(DATASET RECORDS)
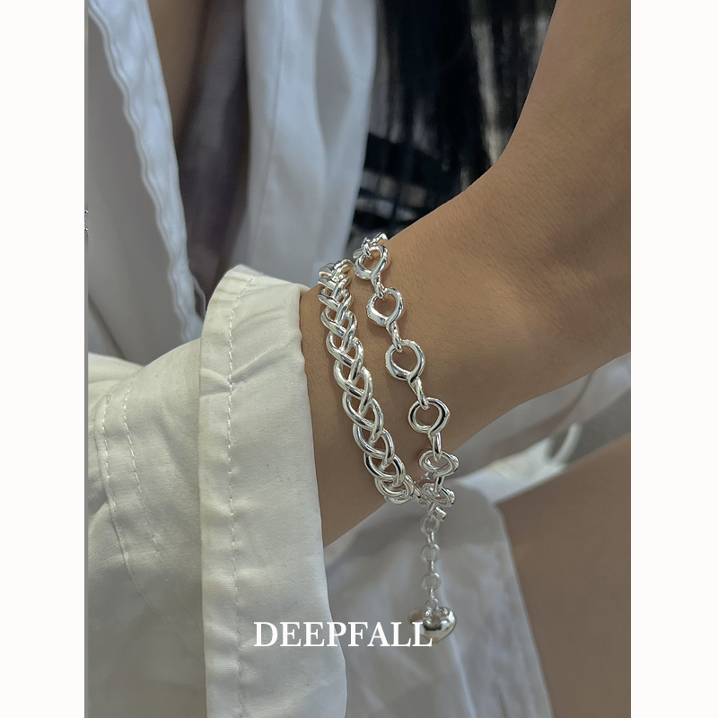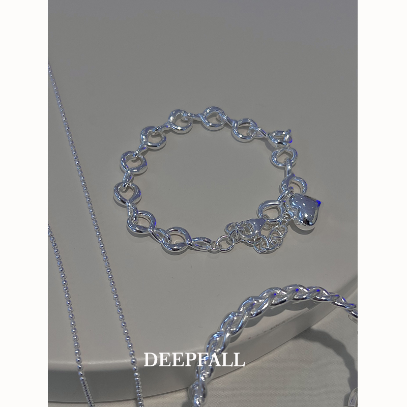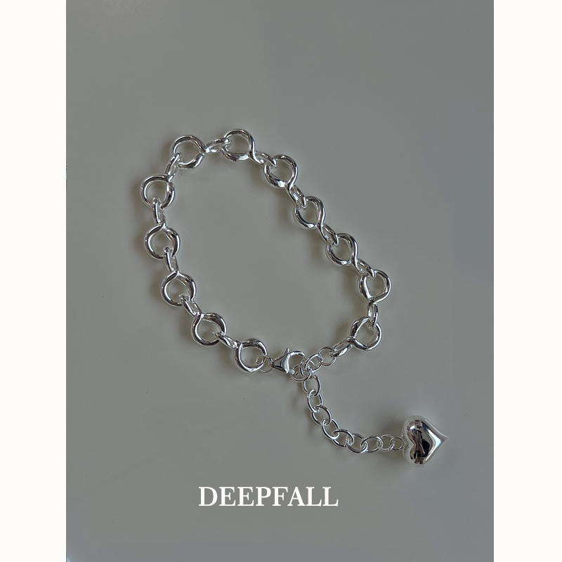DEEPFALL 小众设计感 S925纯银链条圈圈爱心手链 亮银ins风饰品女
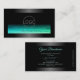 Modern Black Luminous Teal Patterned and Logo Business Card
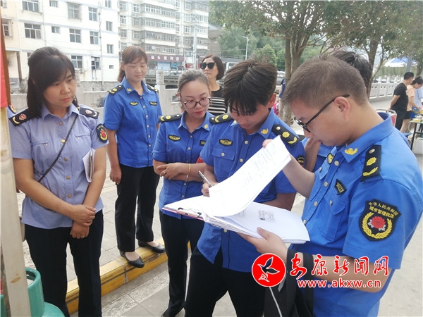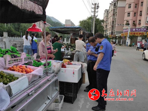 “大娘,您好!这个十字路旁不能摆摊,会影响行人通行,您可以到临时过渡市场进行售卖,我们帮您把物品搬运到临时过渡市场吧。”这是执法队员在迎宾大道柔性执法的一幕。
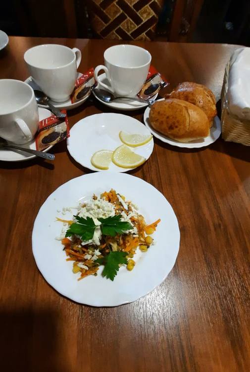 С питанием плоховато. Пришлось вчера в Самаре сбегать в магазин для заполнения холодильникаДочка села в Казани вечером. Выбрать меню на следующий день не дали. Поэтому выборное питание только на 3-й день. Вчера на ужин на десерт были пирожки с луком
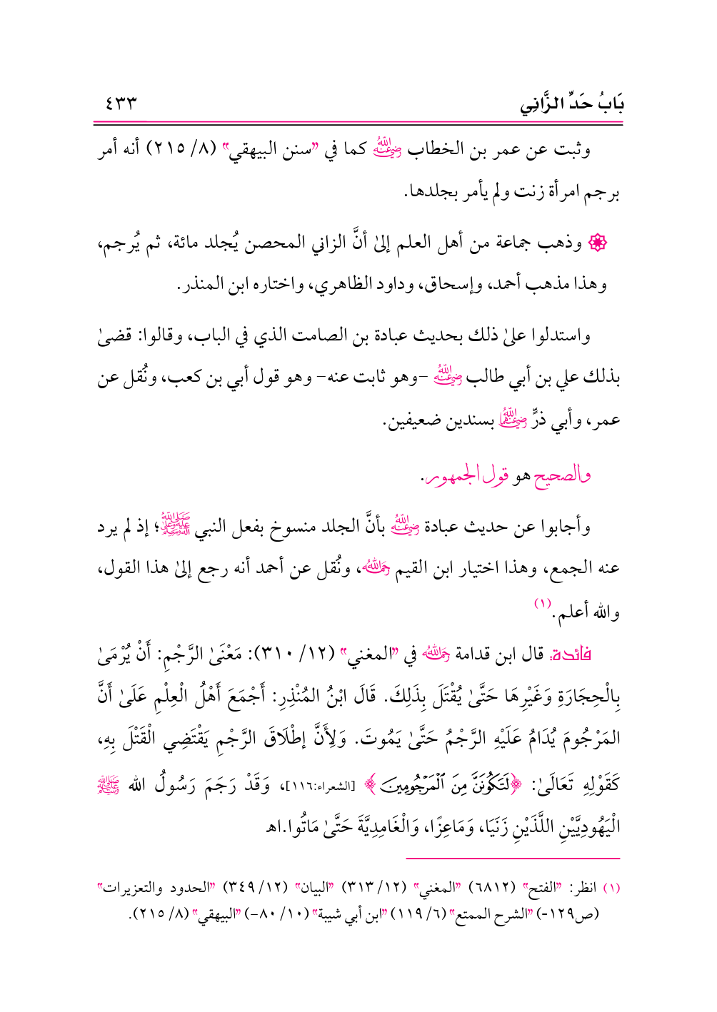 وأجابوا عن حديث عبادة -رضي الله عنه- بأنَّ الجلد منسوخ بفعل النبي -صلى الله عليه وعلى آله وسلم-؛ إذ لم يرد عنه الجمع، وهذا اختيار ابن القيم -رحمه الله-، ونُقل عن أحمد أنه رجع إلى هذا القول، والله أعلم. (¬١)
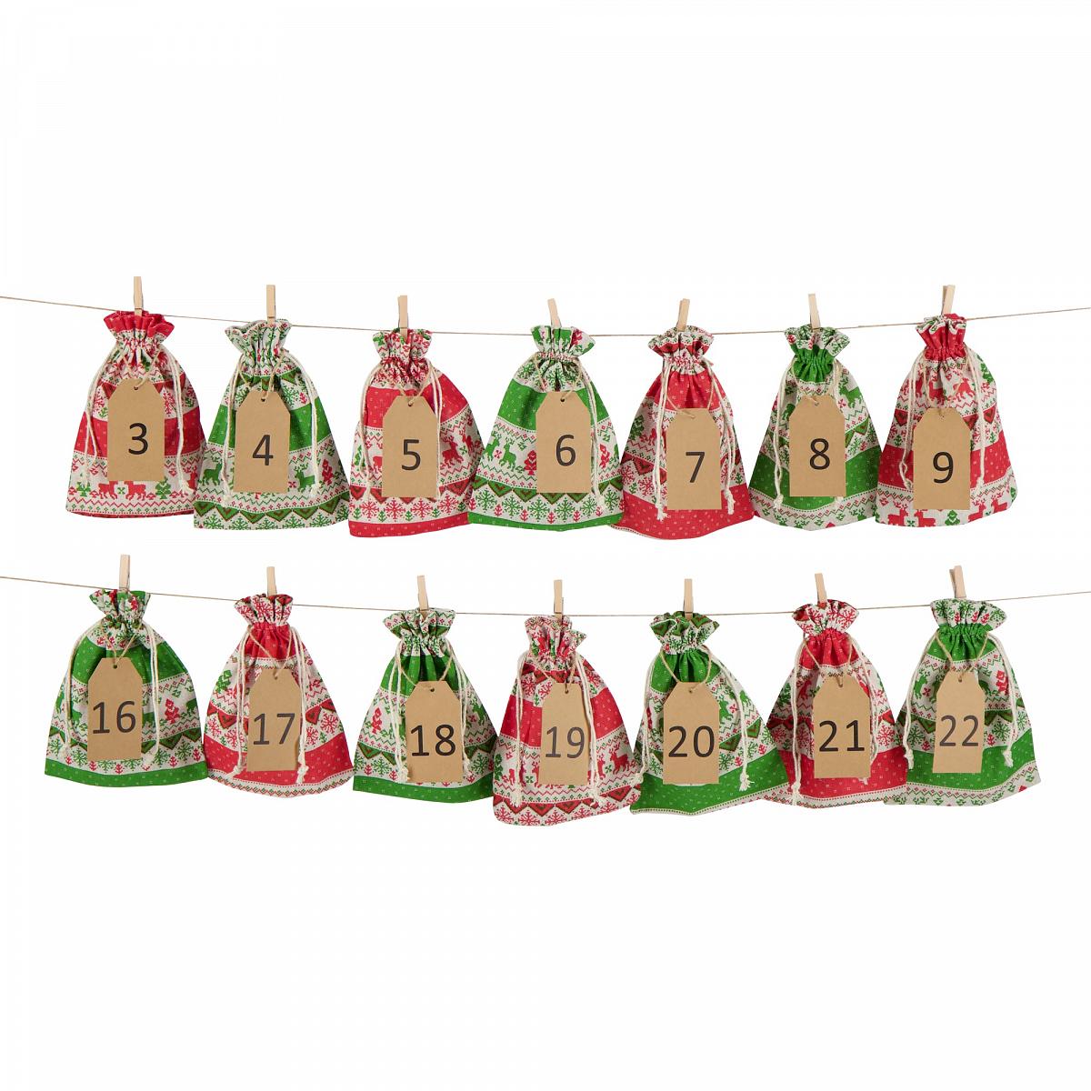 - 24 Säckchen mit aufgedruckten Zahlen 1 - 24
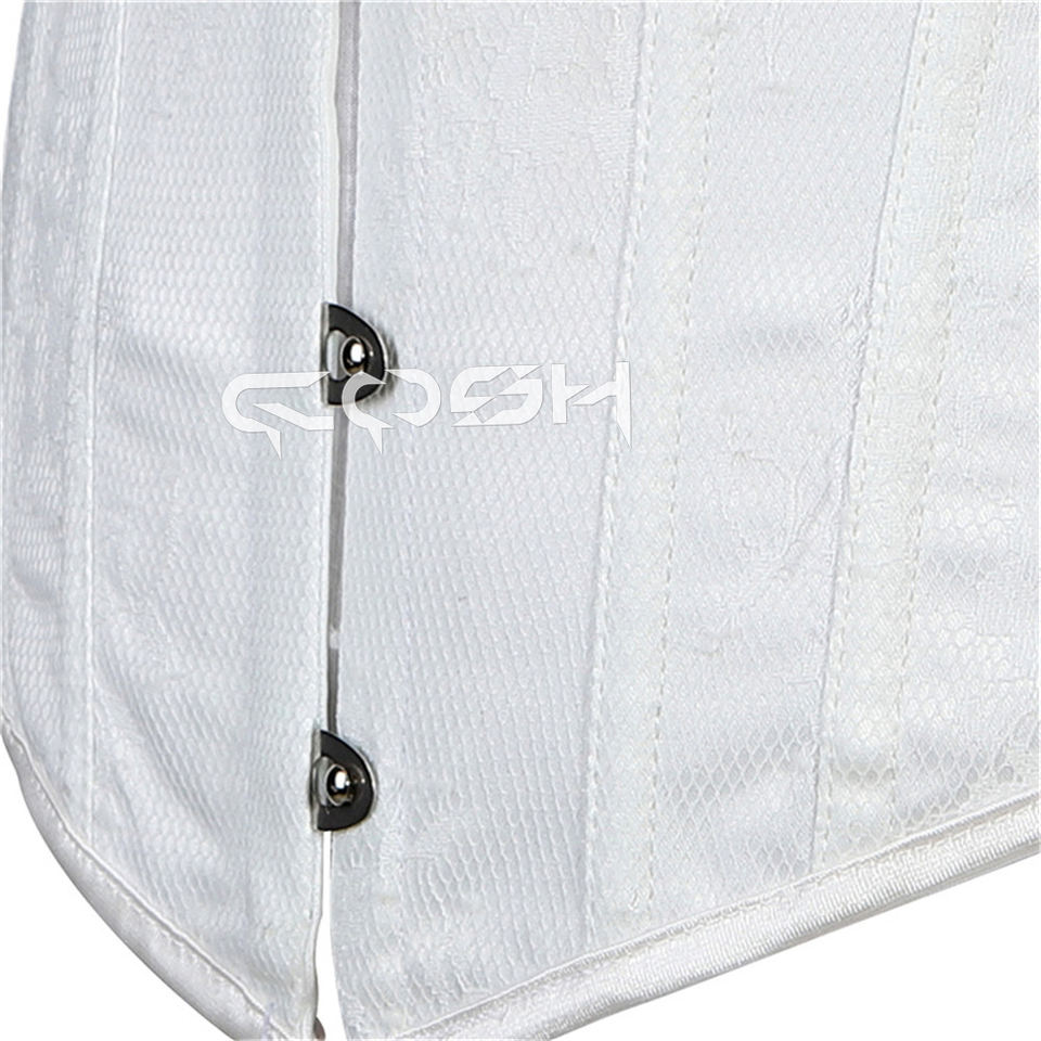 ชุดคอร์เซ็ทสำหรับเจ้าสาวสีขาวผ้าซาตินเสริมโครงเหล็กแบบโอเวอร์บัสท พร้อมผ้าลูกไม้ลายดอกไม้
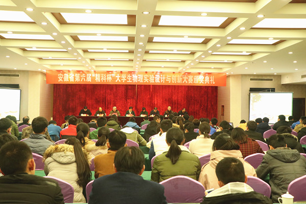 12月1日至3日,由安徽省物理学会主办,我校物理与电气工程学院具体承办的安徽省第六届“精科杯”大学生物理实验设计与创新大赛在学校稼先楼实验室举行。校党委委员、纪委书记胡腊香出席大赛颁奖典礼并讲话。本次大赛共有来自国防科技大学电子对抗学院(合肥 )、陆军炮兵防空兵学院、合肥工业大学、安徽大学、安徽师范大学、安徽农业大学、安徽工业大学、安徽理工大学等省内20所本科高校的共80名选手参加。
(End DATASET RECORDS)
AIM OF THE EXERCISE:
Give again, word for word, only the lines that run from the top of the data above through the line with "ชุดคอร์เซ็ทสำห". Drop the pictures.

WRITTEN REPLY:
DEEPFALL 小众设计感 S925纯银链条圈圈爱心手链 亮银ins风饰品女
 Modern Black Luminous Teal Patterned and Logo Business Card
 “大娘,您好!这个十字路旁不能摆摊,会影响行人通行,您可以到临时过渡市场进行售卖,我们帮您把物品搬运到临时过渡市场吧。”这是执法队员在迎宾大道柔性执法的一幕。
 С питанием плоховато. Пришлось вчера в Самаре сбегать в магазин для заполнения холодильникаДочка села в Казани вечером. Выбрать меню на следующий день не дали. Поэтому выборное питание только на 3-й день. Вчера на ужин на десерт были пирожки с луком
 وأجابوا عن حديث عبادة -رضي الله عنه- بأنَّ الجلد منسوخ بفعل النبي -صلى الله عليه وعلى آله وسلم-؛ إذ لم يرد عنه الجمع، وهذا اختيار ابن القيم -رحمه الله-، ونُقل عن أحمد أنه رجع إلى هذا القول، والله أعلم. (¬١)
 - 24 Säckchen mit aufgedruckten Zahlen 1 - 24
 ชุดคอร์เซ็ทสำหรับเจ้าสาวสีขาวผ้าซาตินเสริมโครงเหล็กแบบโอเวอร์บัสท พร้อมผ้าลูกไม้ลายดอกไม้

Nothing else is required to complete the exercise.